-- Opening Marker --

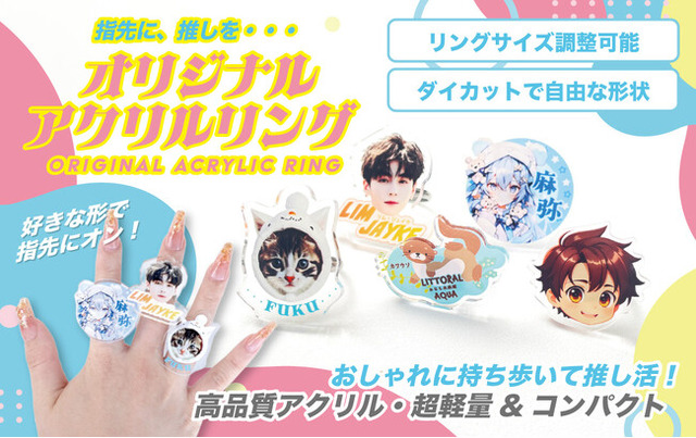 [画像2: https://prcdn.freetls.fastly.net/release_image/60781/38/60781-38-b3bb245db451e0214777a5a1256ffced-1080x680.jpg?width=536&quality=85%2C75&format=jpeg&auto=webp&fit=bounds&bg-color=fff ]オリジナル アクリルリング(指輪)は、指先という視認性の高い場所で推しを楽しめる、新しいトレンドアクセサリーです。写真や動画撮影時にも自然とフレームに入りやすいため、SNS投稿との相性も抜群。日常のワンシーンでもさりげなく“推し”をアピールでき、世界観のあるひと時を演出します。イベント物販やキャンペーン施策にも効果的な、話題を呼ぶアイテムです。
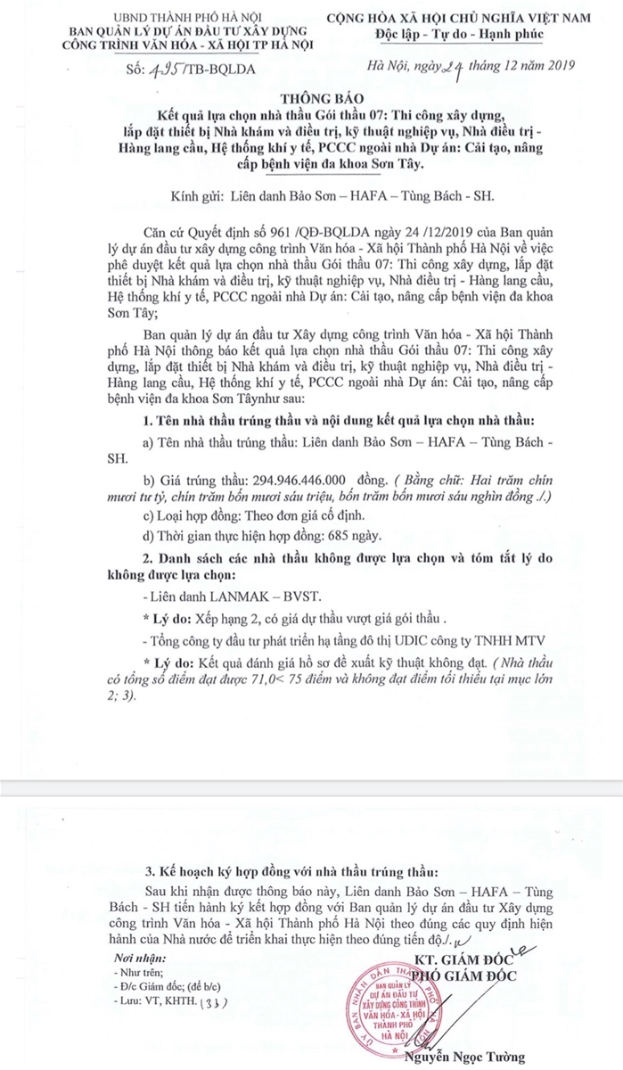 Ngày 24/12/2019, ông Nguyễn Ngọc Tường - Phó Giám đốc Ban QLDA Văn hóa - Xã hội TP Hà Nội ký QĐ số 961/QĐ-BQLDA lựa chọn liên danh 3 nhà thầu gồm: Cty TNHH đầu tư phát triển Tùng Bách, Cty CP xây dựng kỹ thuật SH Việt Nam, Cty TNHH xây dựng Bảo Sơn, Cty CP xây dựng và kỹ thuật HAFA trúng gói thầu số 07 (thi công xây dựng, lắp đặt thiết bị Nhà khám và điều trị, kỹ thuật nghiệp vụ; Nhà điều trị - Hành lang cầu; Hệ thống khí y tế, PCCC ngoài nhà của dự án đầu tư cải tạo, nâng cấp Bệnh viện Đa khoa Sơn Tây) với giá trúng thầu là 294.946.446.000 đồng.
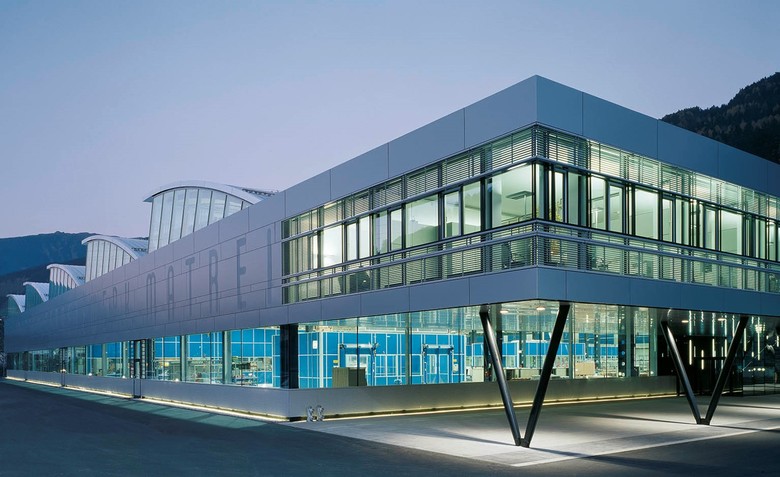 Die Unternehmenskultur des Kunden (eine reine Produktivgenossenschaft) sowie eine Metallverarbeitung auf hohem Niveau standen für die Leitidee des „Fassadenbandes“ Pate. Eine vorgehängte Metallstruktur fasst formal die unterschiedlichen, in ihren Funktionen (Produktion, Lager, Forschung, Verwaltung) klar voneinander unterscheidbaren Baukörper zusammen und spiegelt so den Genossenschaftsgedanken wider. Metall und seine vielfältigen hochwertigen Verarbeitungsmöglichkeiten werden als Imageträger eingesetzt.
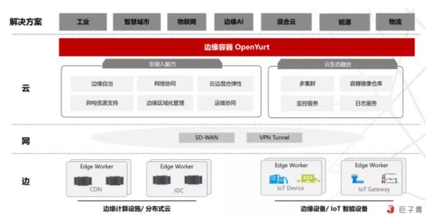 OpenYurt 以上游开源项目 Kubernetes 为基础,针对边缘场景适配的发行版。是业界首个依托云原生技术体系、“零”侵入实现的智能边缘计算平台。具备全方位的“云、边、端一体化”能力,能够快速实现海量边缘计算业务和异构算力的高效交付、运维及管理。
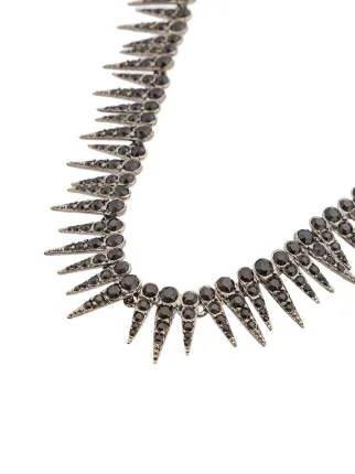 A close-up image of a black onyx necklace with a pointed, spiky design. The necklace features a series of onyx beads with a metallic clasp and a chain that extends upwards. The onyx beads are of varying sizes and are set in a metallic setting. The background is a plain, light color, which highlights the necklace. | Oscar De La Renta Crystal Sea Urchin Necklace | 7b277c2c655cdb1075f6db55874894cab7f2b7d369ad91cc4ba54044c759e1fd | 000720947146 | 0 | 0 | 56 | 8 | 0 | 0 | |
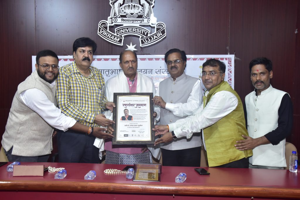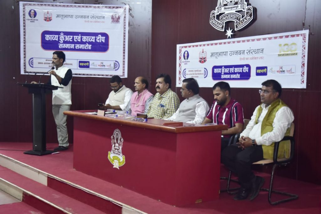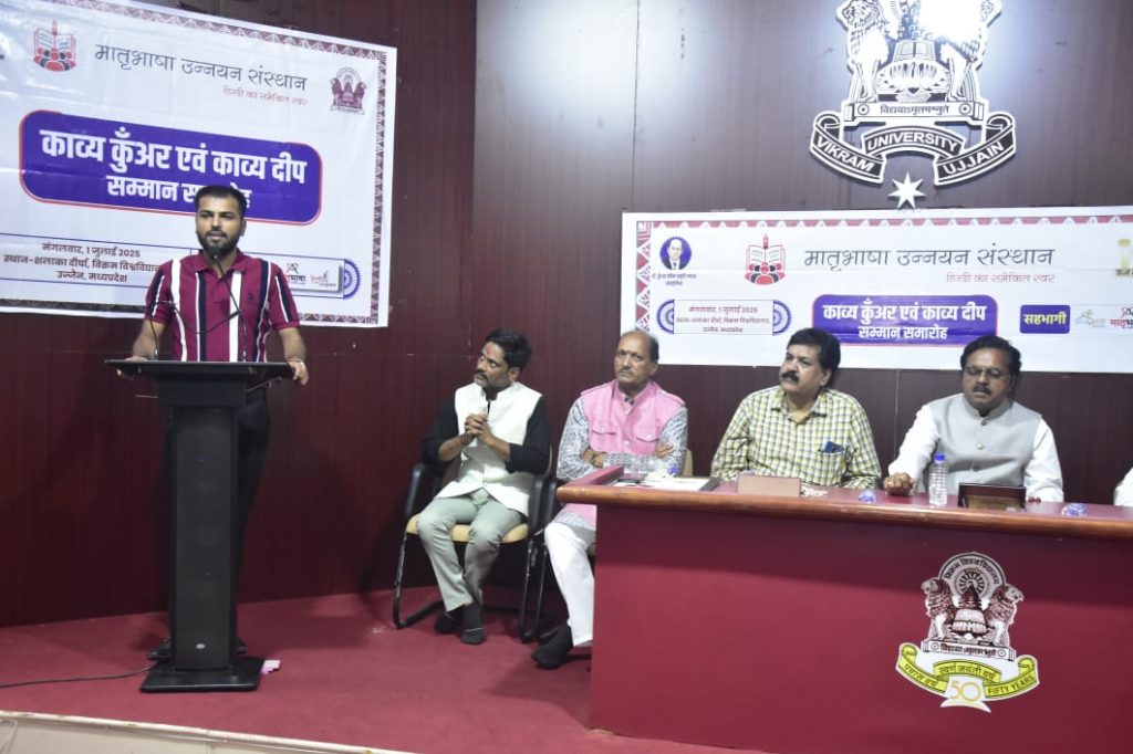 उज्जैन। हिन्दी कवि डॉ. कुँअर बेचैन की जन्म जयंती पर मातृभाषा उन्नयन संस्थान, डॉ. कुँअर बेचैन स्मृति न्यास, ऑस्ट्रेलिया और विक्रम विश्वविद्यालय के संयुक्त तत्त्वावधान में काव्य कुँअर 2025 व काव्य दीप सम्मान समारोह का आयोजन मंगलवार को शलाका दीर्घा में सम्पन्न हुआ। आयोजन की अध्यक्षता विश्वविद्यालय के कुलगुरु प्रो. अर्पण भारद्वाज ने की। मुख्य वक्ता कुलानुशासक डॉ. शैलेंद्र कुमार शर्मा व विशिष्ट अतिथि अधिवक्ता अनंत यादव रहे। अतिथि स्वागत पंकज प्रजापत, पारस बिरला, संदीप सृजन ने किया। स्वागत उद्बोधन संस्थान अध्यक्ष डॉ. अर्पण जैन ‘अविचल’ ने दिया।
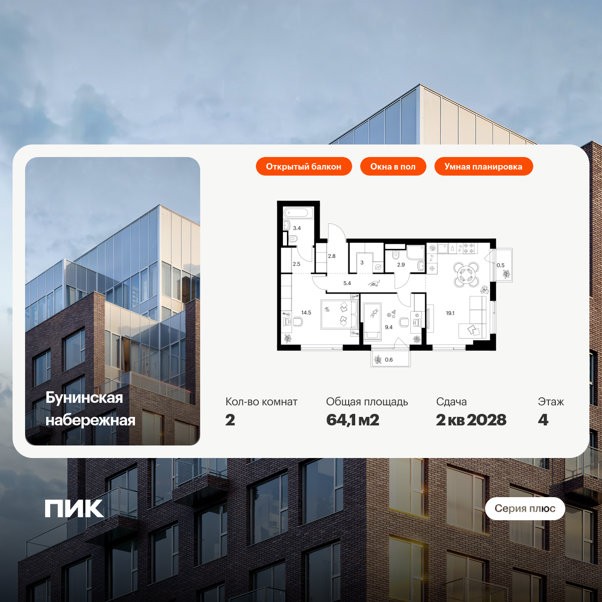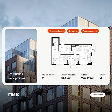 Купить 2к квартиру 64 м² в ЖК Бунинская набережная
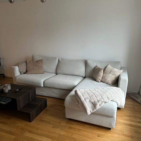 Säljer vår fina bäddsoffa från IKEA i modellen vimle gunnared beige pga flytt. Soffan är i toppenskick, ungefär 2 år gammal. Nypris 15 195 kr. Soffkuddarna går att ta av och tvätta. Den är otroligt smidig att bädda ut och även skön att sova i. Schäslongen har rymlig förvaring under sitsen. Du kan placera schäslongdelen till vänster eller höger om soffan och ändra när du vill. Se bild för mått.
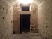 Apart from a courthouse,[247][248] the Castellania also served as a prison where suspects and convicts were imprisoned.[17] The entrance of the former prison from St John Street and is locally known as Prisoner's Street (Triq il-Kalzrati) or Hook's Street (Triq il-Ganc).[249][250] Serious criminal offenders from Gozo would be taken to the court in Gozo, and on the decision of the administrative Castellan would be sent to a temporary prison in Fort Chambray, before travelling by sea to Valletta and kept locked at the Castellania until his case is heard.[251]
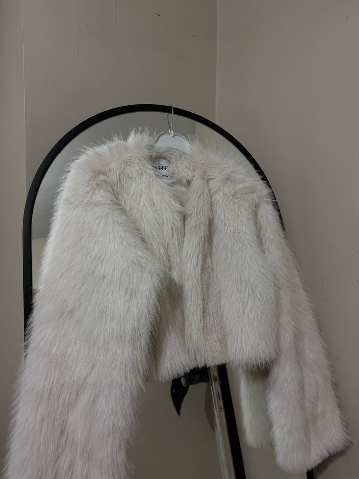 Beyaz Suni Kürk Midi Ceket
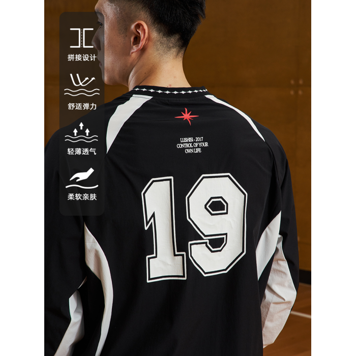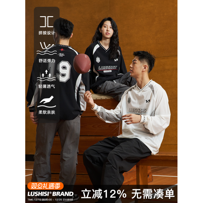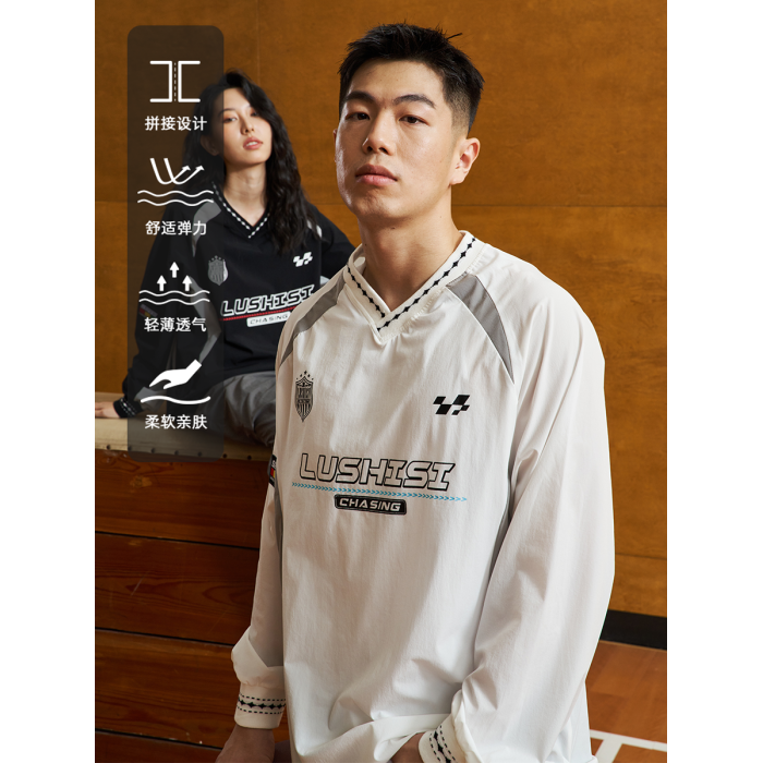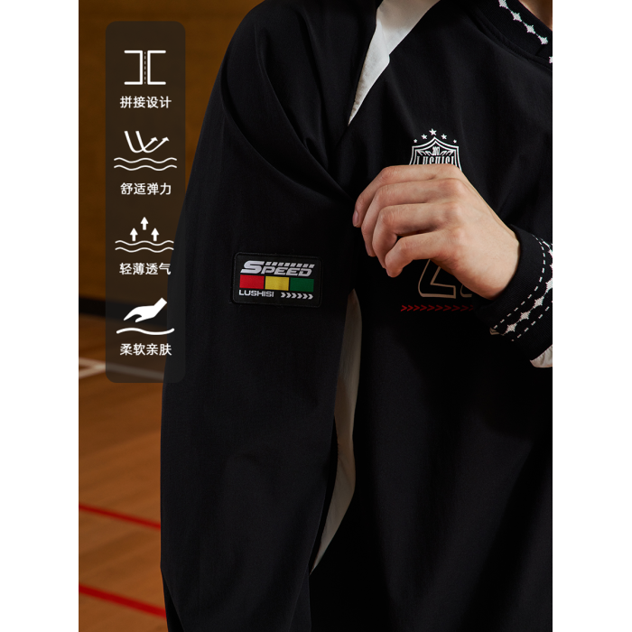 LUSHISI「拼接設計」復古運動休閒衛衣長袖T恤追逐未來V領賽車服
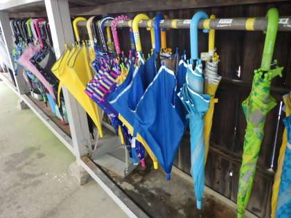 今日は雨です。明和小学校には2つの池があります。子どもたちは池にいる生き物も大すきです。以前から見守ってきた「小さなオタマジャクシ」が一斉に「小さなカエル」に孵りました。雨の中を飛び跳ねるカエルを見て子どもたちから歓声が上がります。
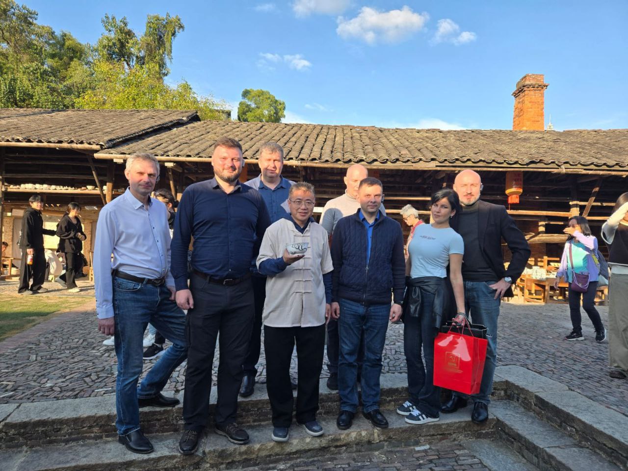 В городе Цзиндэчжэнь делегацию встретили китайские товарищи во главе с госпожой Линь Жун, членом Постоянного комитета партийного комитета города Цзиндэчжэнь, после чего гостям была предоставлена возможность ознакомиться с работой императорского фарфорового дома, в котором недавно проходила выставка, где приняли участие представители более чем 30 стран, в том числе и из России.
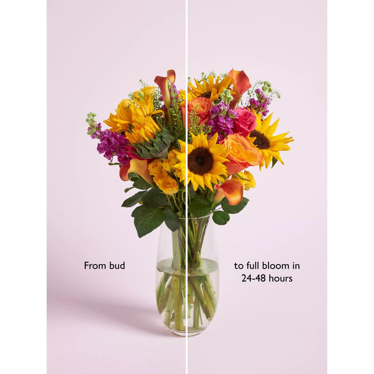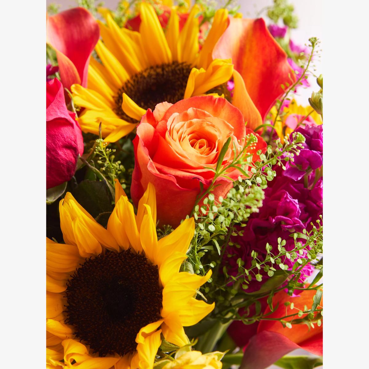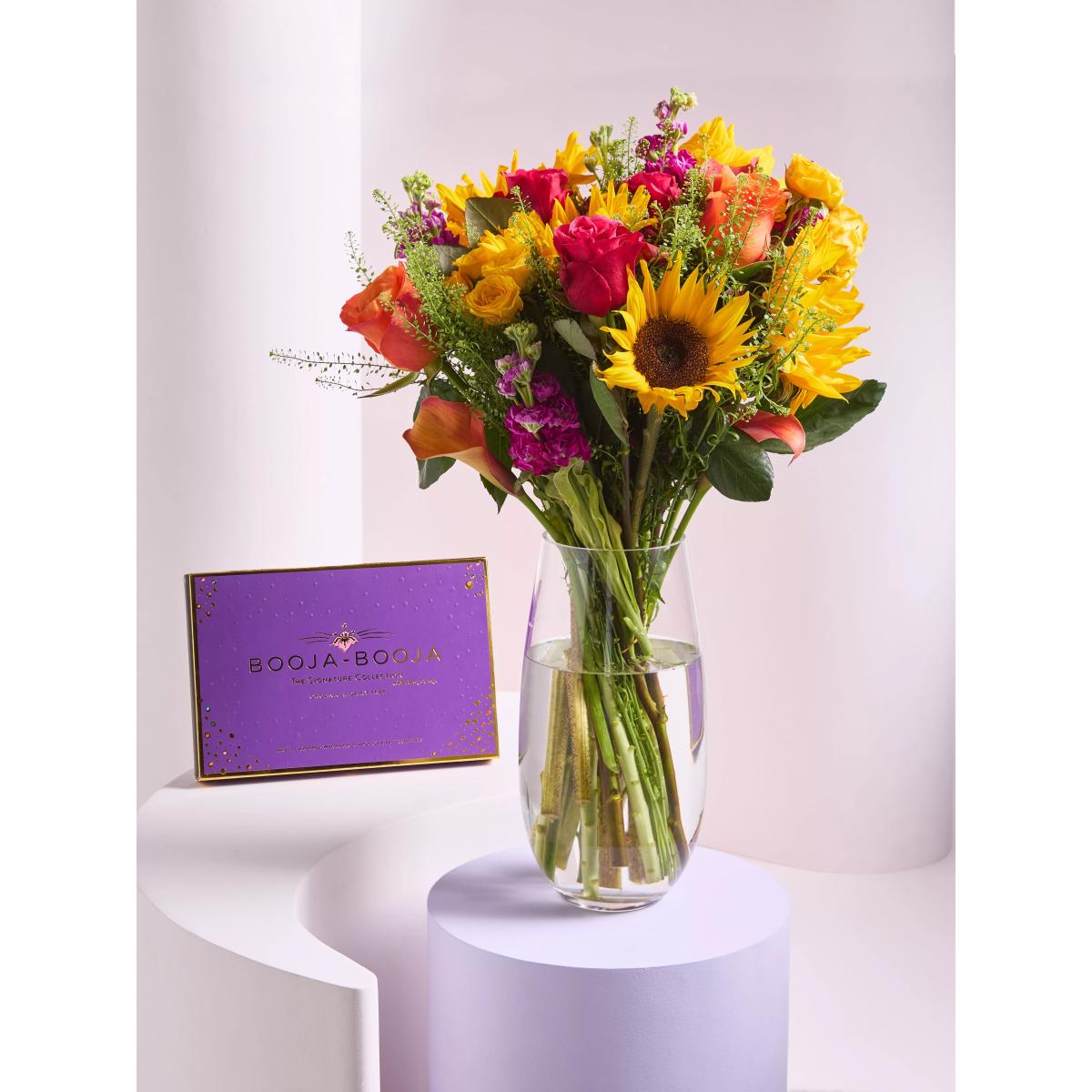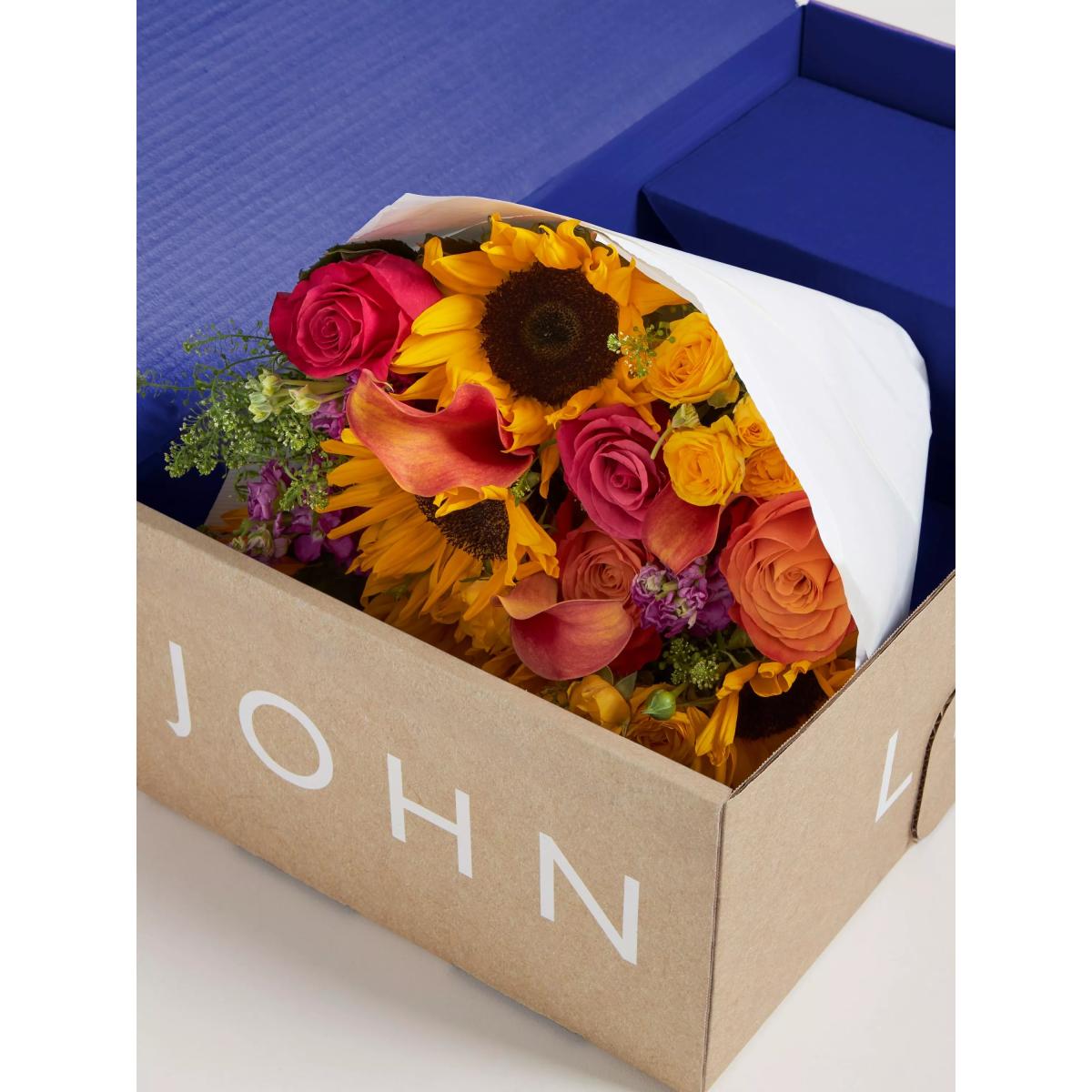 With a joyful mix of spring colour, this hand-tied Easter bouquet includes sunflowers, contemporary mango calla lilies, scented cerise stocks with a mix of orange and cerise large headed roses, yellow spray roses and lime greenbell. Complete with gourmet chocolates. Next-day UK delivery Order before 1pm Monday-Saturday for next day delivery Order before 9am Sunday for next day delivery Orders placed after these cut off times will go out the following day Contents: 25 stems Height of bouquet 50cm Booja-Booja Easter Chocolate Salted Caramel Truffle Loglets, 162g Hand-tied and delivered in bespoke John Lewis packaging Arrives in bud, they'll begin to bloom within 24-48 hours Gift message and card Flower food and care guide to keep fresh flowers full of life for a minimum of 5 days How to personalise your bouquet: 1. Place your order 2. Consider the personal message you'd like to add (maximum of 300 characters) - remember to include in your message who the gift is from 3. Click the gift message link and enter your order number and message 4. Gift message requests must be completed within 1 hour of order purchase, otherwise a standard 'thinking of you' message will be included Refund policy We can't offer refunds or exchanges on perishable goods such as flowers and food, unless faulty or not as described. Find out more. This does not affect your statutory rights.

-- Closing Marker --

### PROBLEM
Take only the lines above from the one that has "Die Unternehmenskultur des" through the one that has "Säljer vår fina" and reproduce them exactly, omitting any pictures.

### SOLUTION TO THE PROBLEM
 Die Unternehmenskultur des Kunden (eine reine Produktivgenossenschaft) sowie eine Metallverarbeitung auf hohem Niveau standen für die Leitidee des „Fassadenbandes“ Pate. Eine vorgehängte Metallstruktur fasst formal die unterschiedlichen, in ihren Funktionen (Produktion, Lager, Forschung, Verwaltung) klar voneinander unterscheidbaren Baukörper zusammen und spiegelt so den Genossenschaftsgedanken wider. Metall und seine vielfältigen hochwertigen Verarbeitungsmöglichkeiten werden als Imageträger eingesetzt.
 OpenYurt 以上游开源项目 Kubernetes 为基础,针对边缘场景适配的发行版。是业界首个依托云原生技术体系、“零”侵入实现的智能边缘计算平台。具备全方位的“云、边、端一体化”能力,能够快速实现海量边缘计算业务和异构算力的高效交付、运维及管理。
 A close-up image of a black onyx necklace with a pointed, spiky design. The necklace features a series of onyx beads with a metallic clasp and a chain that extends upwards. The onyx beads are of varying sizes and are set in a metallic setting. The background is a plain, light color, which highlights the necklace. | Oscar De La Renta Crystal Sea Urchin Necklace | 7b277c2c655cdb1075f6db55874894cab7f2b7d369ad91cc4ba54044c759e1fd | 000720947146 | 0 | 0 | 56 | 8 | 0 | 0 | |
 उज्जैन। हिन्दी कवि डॉ. कुँअर बेचैन की जन्म जयंती पर मातृभाषा उन्नयन संस्थान, डॉ. कुँअर बेचैन स्मृति न्यास, ऑस्ट्रेलिया और विक्रम विश्वविद्यालय के संयुक्त तत्त्वावधान में काव्य कुँअर 2025 व काव्य दीप सम्मान समारोह का आयोजन मंगलवार को शलाका दीर्घा में सम्पन्न हुआ। आयोजन की अध्यक्षता विश्वविद्यालय के कुलगुरु प्रो. अर्पण भारद्वाज ने की। मुख्य वक्ता कुलानुशासक डॉ. शैलेंद्र कुमार शर्मा व विशिष्ट अतिथि अधिवक्ता अनंत यादव रहे। अतिथि स्वागत पंकज प्रजापत, पारस बिरला, संदीप सृजन ने किया। स्वागत उद्बोधन संस्थान अध्यक्ष डॉ. अर्पण जैन ‘अविचल’ ने दिया।
 Купить 2к квартиру 64 м² в ЖК Бунинская набережная
 Säljer vår fina bäddsoffa från IKEA i modellen vimle gunnared beige pga flytt. Soffan är i toppenskick, ungefär 2 år gammal. Nypris 15 195 kr. Soffkuddarna går att ta av och tvätta. Den är otroligt smidig att bädda ut och även skön att sova i. Schäslongen har rymlig förvaring under sitsen. Du kan placera schäslongdelen till vänster eller höger om soffan och ändra när du vill. Se bild för mått.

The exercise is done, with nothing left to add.